Entries shown below:

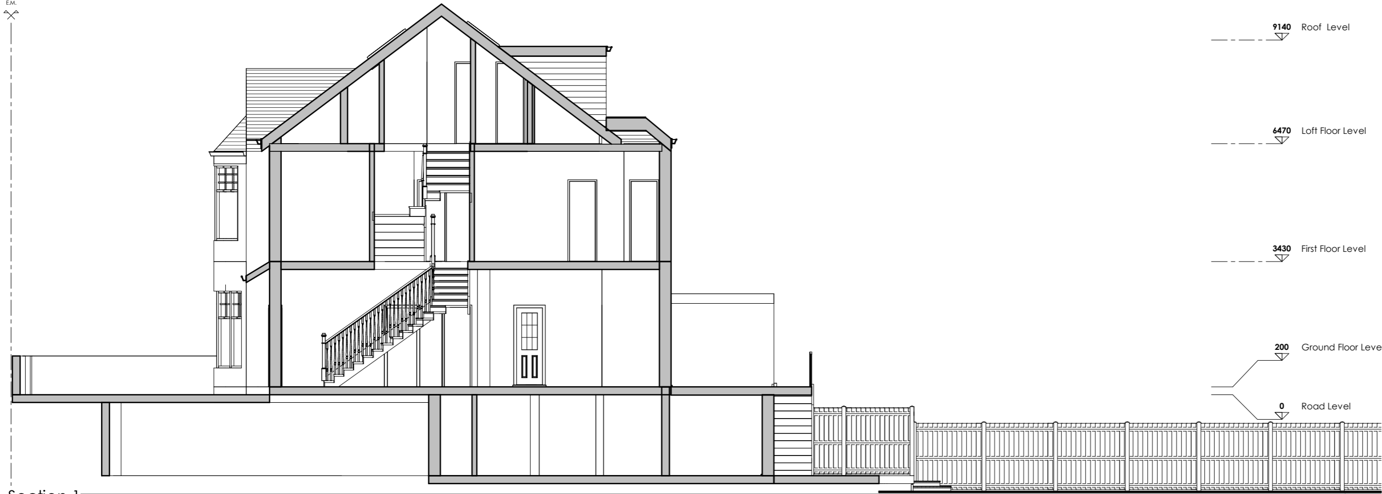
Section 1 1 : 100
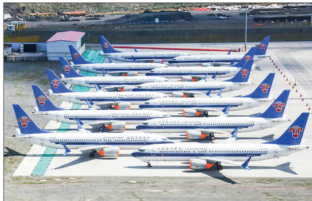
Chinese authorities cleared the way for the 737 MAX to resume after a lengthy grounding.

Aviation insiders expect it will be another four to six weeks before the jets
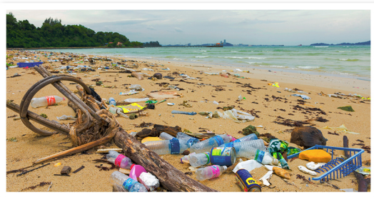
Plastic waste polluting the beach at Kota Kinabalu, Malaysia.

A lot of the waste that is thrown away goes into the world's seas and oceans. This is called pollution. Plastic waste takes a long time to break down and tiny parts of it will never go away. Plastic waste can be harmful to living things.
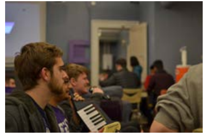
Brothers and rushees hanging out at Games Night
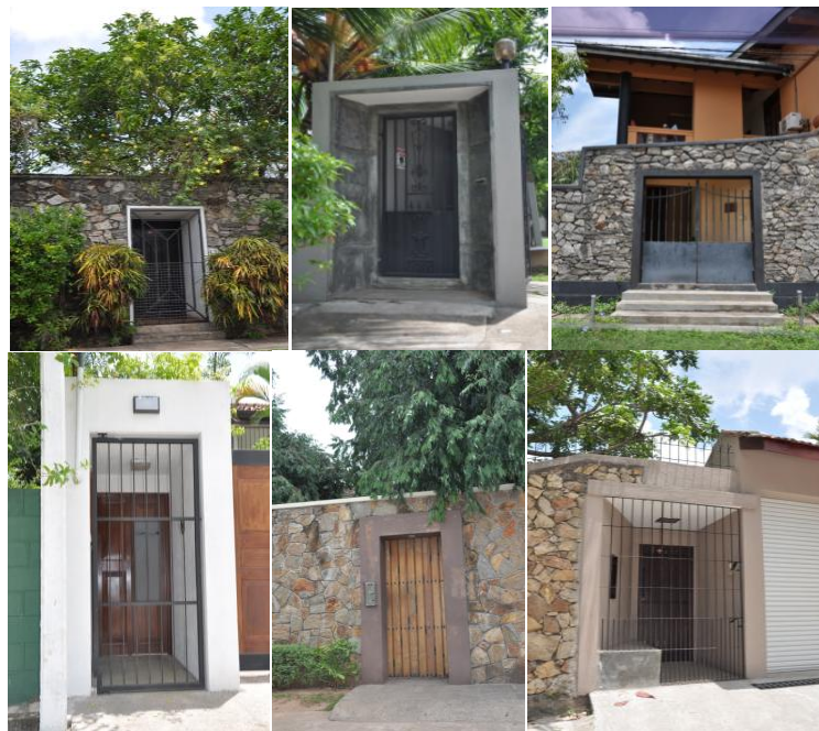
Figure 11: domestic framed entrances

framed within the boundary wall. Sometimes the smaller entrance is recessed with a steel grill gate and timer door.
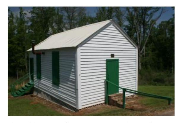
Figure 22: McNutt School, McNutt, Rapides Parish.

Although churches were often the one-room schools of African American communities, dedicated one-room school buildings did exist as well. These were typically roughly constructed in the first place and have not endured the passage of time. They are therefore rare buildings that should be considered eligible for their association with this context as long as they retain a minimal degree of integrity. Examples of one-room African American schools listed on the National Register are the McNutt School of c. 1910 in Rapides Parish and the Phillips School of 1918 in Winn Parish (Figures 22 and 23). It should be noted that both of these schools demonstrate the persistent significance of community churches in African American education because they share sites with churches. In this regard, their location is an important part of their history and context. However because one-room schools are rare, although integrity of location and setting is desirable, relocation should be acceptable as long as it does not adversely impact the resource and the new setting is similar to the original, or differences are outweighed by the significance and Figure 23: Phillips School, Emry, Winn Parish. other positive integrity factors of the building.

End of Entries shown.

_Exercise details_: Of the records above, print only the lines from the one containing "Chinese authorities cleared" through the one containing "A lot of the", inclusive and unaltered, leaving out pictures.

_Answer to this exercise_:
Chinese authorities cleared the way for the 737 MAX to resume after a lengthy grounding.

Aviation insiders expect it will be another four to six weeks before the jets
Plastic waste polluting the beach at Kota Kinabalu, Malaysia.

A lot of the waste that is thrown away goes into the world's seas and oceans. This is called pollution. Plastic waste takes a long time to break down and tiny parts of it will never go away. Plastic waste can be harmful to living things.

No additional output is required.